Looks like they sell it at Michaels....right across the street from my Home Depot.

Thanks so much!!!!!


----------



## 4theTeam (Feb 21, 2011)

You should be using the heat tape that is made for this purpose. I have been sublimating since 2000 and if I use the tape there is no ghosting. I get mine from Johnson Plastics but I am sure it is available elsewhere as well. We also use it on occasion for some vinyl applications when the carrier is not tacky or single vinyl letters with no carrier.


----------



## burgertech (Aug 2, 2014)

4theTeam said:


> You should be using the heat tape that is made for this purpose. I have been sublimating since 2000 and if I use the tape there is no ghosting. I get mine from Johnson Plastics but I am sure it is available elsewhere as well. We also use it on occasion for some vinyl applications when the carrier is not tacky or single vinyl letters with no carrier.


Forgive my ignorance here, but I am 100% new to sublimation.

I am assuming that using tape is as simple as taping two (or all four) sides of the transfer to the shirt to hold it in place?

Wouldn't you get ghosting when trying to pull the tape off, or does it rip away fairly easily?

Thanks for any advice you can offer!


----------



## macman29681 (May 24, 2013)

burgertech said:


> Forgive my ignorance here, but I am 100% new to sublimation.
> 
> I am assuming that using tape is as simple as taping two (or all four) sides of the transfer to the shirt to hold it in place?
> 
> ...


I used to use the spray but it gets everywhere and leaves some residue. I have switched to using heat tape and have had no problem.

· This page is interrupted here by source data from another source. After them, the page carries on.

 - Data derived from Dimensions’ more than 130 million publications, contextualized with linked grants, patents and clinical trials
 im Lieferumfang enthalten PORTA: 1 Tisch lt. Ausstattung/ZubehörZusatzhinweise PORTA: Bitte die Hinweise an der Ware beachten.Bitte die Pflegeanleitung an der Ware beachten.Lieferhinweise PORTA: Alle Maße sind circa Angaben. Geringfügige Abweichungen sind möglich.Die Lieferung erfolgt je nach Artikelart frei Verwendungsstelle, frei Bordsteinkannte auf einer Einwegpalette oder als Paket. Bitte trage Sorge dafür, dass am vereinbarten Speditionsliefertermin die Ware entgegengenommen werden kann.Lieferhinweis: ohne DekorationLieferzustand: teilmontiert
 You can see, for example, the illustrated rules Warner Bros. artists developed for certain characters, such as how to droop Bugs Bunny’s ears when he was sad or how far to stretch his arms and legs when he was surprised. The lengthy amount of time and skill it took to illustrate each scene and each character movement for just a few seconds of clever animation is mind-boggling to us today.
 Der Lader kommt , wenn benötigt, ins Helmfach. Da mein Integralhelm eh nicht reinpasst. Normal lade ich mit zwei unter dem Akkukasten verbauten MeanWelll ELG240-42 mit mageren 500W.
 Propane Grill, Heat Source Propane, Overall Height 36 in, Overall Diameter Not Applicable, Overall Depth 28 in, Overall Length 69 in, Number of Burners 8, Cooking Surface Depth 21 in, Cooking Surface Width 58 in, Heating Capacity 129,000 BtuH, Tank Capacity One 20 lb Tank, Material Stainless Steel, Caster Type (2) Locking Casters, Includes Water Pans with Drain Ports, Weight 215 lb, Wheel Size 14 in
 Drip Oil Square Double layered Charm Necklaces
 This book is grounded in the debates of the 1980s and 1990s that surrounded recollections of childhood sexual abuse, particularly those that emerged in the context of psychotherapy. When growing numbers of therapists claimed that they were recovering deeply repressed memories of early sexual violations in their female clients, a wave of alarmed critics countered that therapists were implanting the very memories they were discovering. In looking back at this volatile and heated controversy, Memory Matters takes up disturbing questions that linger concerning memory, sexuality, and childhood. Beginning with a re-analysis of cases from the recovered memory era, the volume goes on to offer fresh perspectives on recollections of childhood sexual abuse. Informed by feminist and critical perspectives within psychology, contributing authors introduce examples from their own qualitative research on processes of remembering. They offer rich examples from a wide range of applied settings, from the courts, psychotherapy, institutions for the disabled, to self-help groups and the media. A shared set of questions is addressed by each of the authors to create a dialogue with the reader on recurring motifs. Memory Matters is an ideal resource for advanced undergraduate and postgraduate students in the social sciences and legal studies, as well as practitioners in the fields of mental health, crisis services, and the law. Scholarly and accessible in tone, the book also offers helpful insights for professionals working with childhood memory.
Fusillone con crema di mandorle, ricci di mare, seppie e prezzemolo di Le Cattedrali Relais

I tape opposite corners and when I pull the paper up just start at one of the tape sides and pull towards the other. It is much cleaner to me.


----------



## tippy (May 27, 2014)

macman29681 said:


> I have switched to using heat tape and have had no problem.


What shirts are you using? When I use tape, it leaves marks on the ATC Pro Team Tees.


----------



## macman29681 (May 24, 2013)

tippy said:


> What shirts are you using? When I use tape, it leaves marks on the ATC Pro Team Tees.



I use Gildan 42000, ST350's, and Jerzee 21m without a problem.


----------



## bretbyron (May 7, 2013)

To prevent ghosting we spray the backside of the graphic so it sticks to the press when opened and not the shirt.

We use a light mist adhesive for screen printing.


----------